Jornal Maio

Metro do Porto:
trabalhadores da manutenção transferidos durante a greve – um risco para a segurança

Os trabalhadores afetos a uma das frotas (CT) do Metro do Porto estão a ser transferidos das suas funções habituais para intervir em avarias de outra frota (ET), com características técnicas completamente distintas, um risco para a segurança.

Bruno Oliveira, STMEFE

Desde o início da greve convocada pelo STMEFE, a 8 de janeiro, têm vindo a verificar-se práticas por parte da empresa que merecem a mais séria preocupação do ponto de vista da segurança, da organização do trabalho e do respeito pelos direitos dos trabalhadores.

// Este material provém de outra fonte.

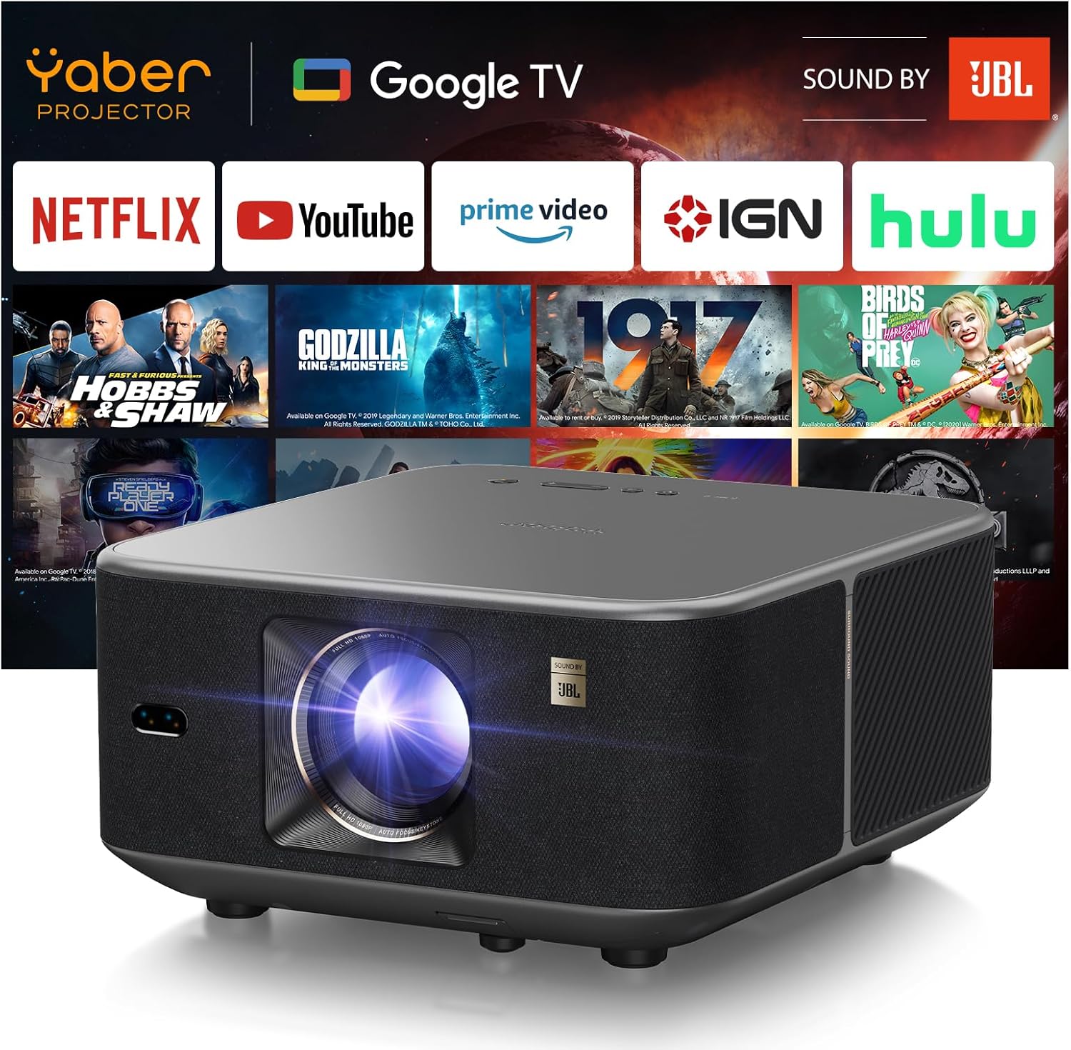 Умен проектор Yaber K3 с Google TV и звук от JBL: Проектор за дневна светлина с WiFi 6 и Bluetooth, проектор за мобилен телефон за 4K домашно кино и открито, Dolby Audio/настройка на картината в колата, Netflix и 7000+

É nas oficinas de Guifões que se assegura a manutenção do material circulante do Metro do Porto. Chegou ao nosso conhecimento que os trabalhadores afetos a uma das frotas (CT) estão a ser transferidos das suas funções habituais para intervir em avarias de outra frota (ET), com características técnicas completamente distintas e para as quais não estão normalmente alocados nem familiarizados.

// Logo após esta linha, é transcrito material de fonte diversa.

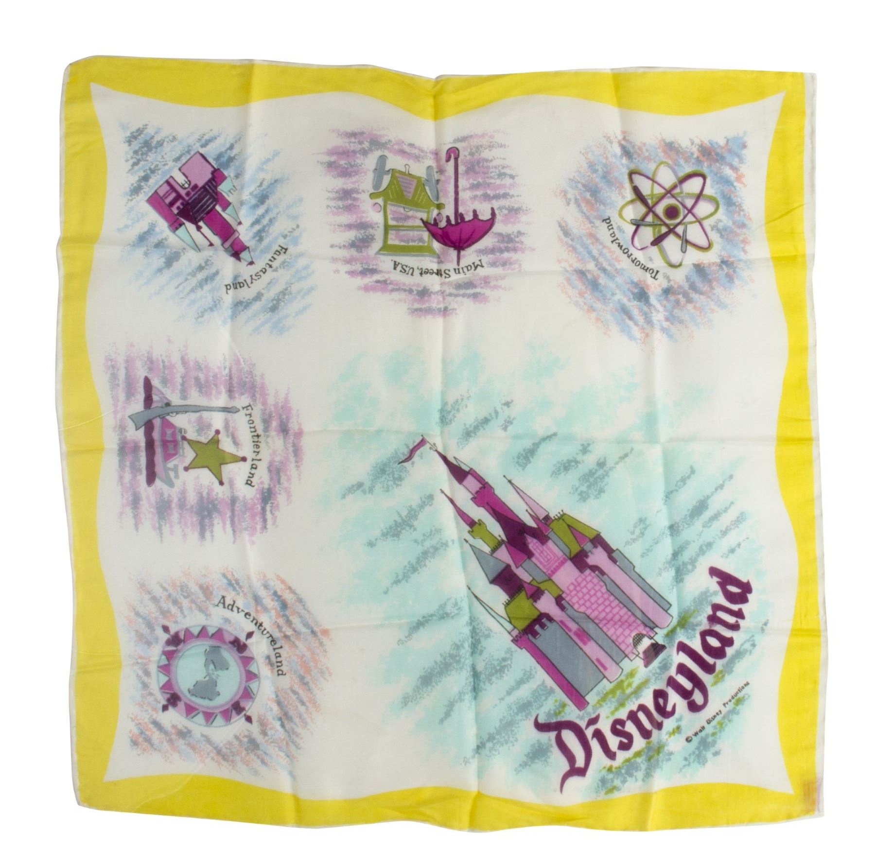 (Disneyland, c.1960) A silk scarf featuring imagery of Sleeping Beauty Castle and representing the park's first 5 lands. The scarf has a yellow border and has a Walt Disney Productions copyright under the word "Disneyland". Measuring approximately 17"x17", the scarf is in good condition with some fold-marks from storage.

Esta deslocação de trabalhadores entre frotas é de assinalar. Cada frota tem especificidades próprias, procedimentos técnicos diferenciados e circuitos claros de responsabilidade. Ignorar esta realidade, sobretudo em contexto de greve, é introduzir riscos desnecessários num sistema que já se encontra sob forte pressão.

 

Decisões apressadas, soluções improvisadas e aumento do risco operacional são riscos associados à transferência de trabalhadores da manutenção durante a greve.

 

Mais grave ainda, estas intervenções estão a ser realizadas fora dos circuitos normais de supervisão técnica associados a cada frota, fragilizando a cadeia de responsabilidade e abrindo espaço a decisões apressadas, soluções improvisadas e aumento do risco operacional.

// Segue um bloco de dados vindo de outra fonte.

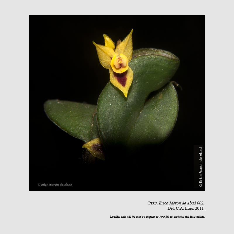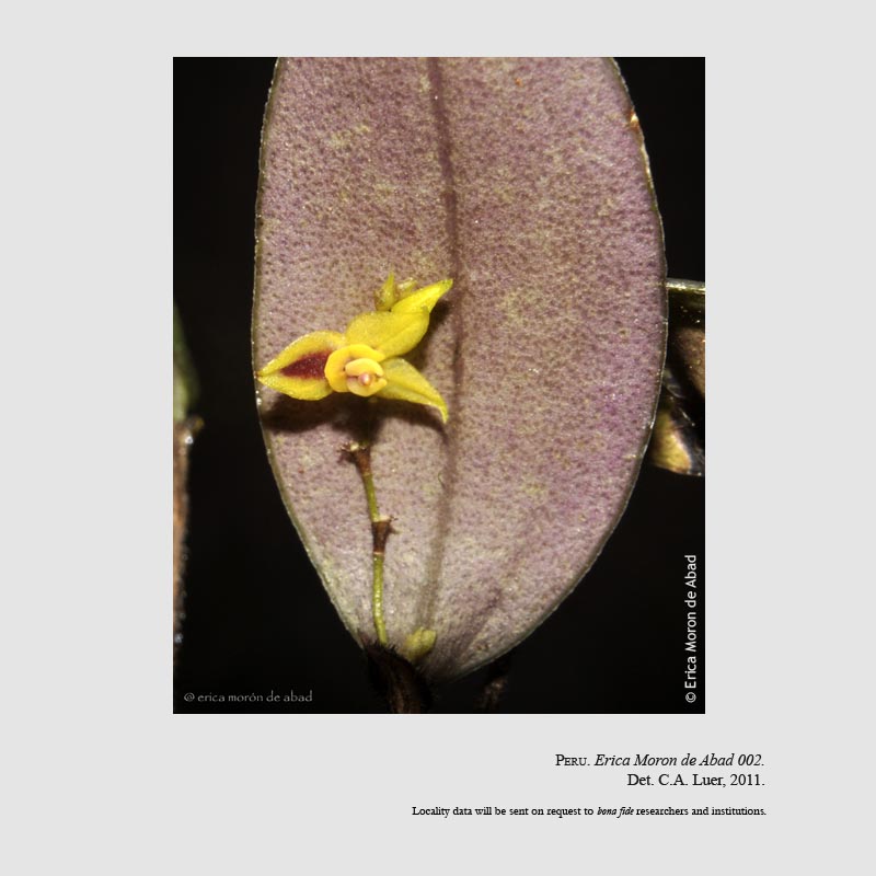 Found in Peru in cloud forests at elevations around 2900 meters a mini-miniature sized, cold growing epiphyte with slender, erect ramicauls enveloped by ribbed, minutely scabrous, lepanthiform sheaths and carrying a single, apical, suberect, coriaceous, purple suffused beneath, ellitpical, subacute, cuneate below into the petiolate base leaf that blooms in the early winter on 2 to 3, congested, distichous, .8" [ to 2 cm] long including the .2" [5 mm] long peduncle, successively single, many flowered inflorescence arising on the back of the leaf.

Não podemos calar-nos: a insistência em manter o material circulante em exploração, recorrendo a expedientes que desestruturam a organização normal da manutenção, está a empurrar o sistema para o limiar da segurança operacional. Este é um problema de todos!

Este não é um problema criado pela greve. É anterior. A greve apenas expõe fragilidades que já existiam: degradação progressiva do material circulante, falta de investimento estrutural na manutenção e uma gestão que insiste em responder a problemas estruturais com soluções de curto prazo.

Ao invés de enfrentar estas questões de fundo, a empresa opta por tentar neutralizar os efeitos da greve através da reorganização informal do trabalho, transferindo riscos para os trabalhadores e, em última instância, para quem assegura a condução e a segurança da circulação. Mais uma vez, um problema para todos nós.

O STMEFE reafirma que o direito à greve não pode ser contornado à custa da segurança ferroviária. A exploração do Metro do Porto exige rigor técnico, respeito pelos procedimentos e reconhecimento de que a segurança não se compadece com atalhos nem improvisos.

A defesa dos trabalhadores é indissociável da defesa da segurança da exploração. Quando uma falha ocorre, quem está na linha da frente são sempre os mesmos. Quando uma falha ocorre, quem paga somos nós.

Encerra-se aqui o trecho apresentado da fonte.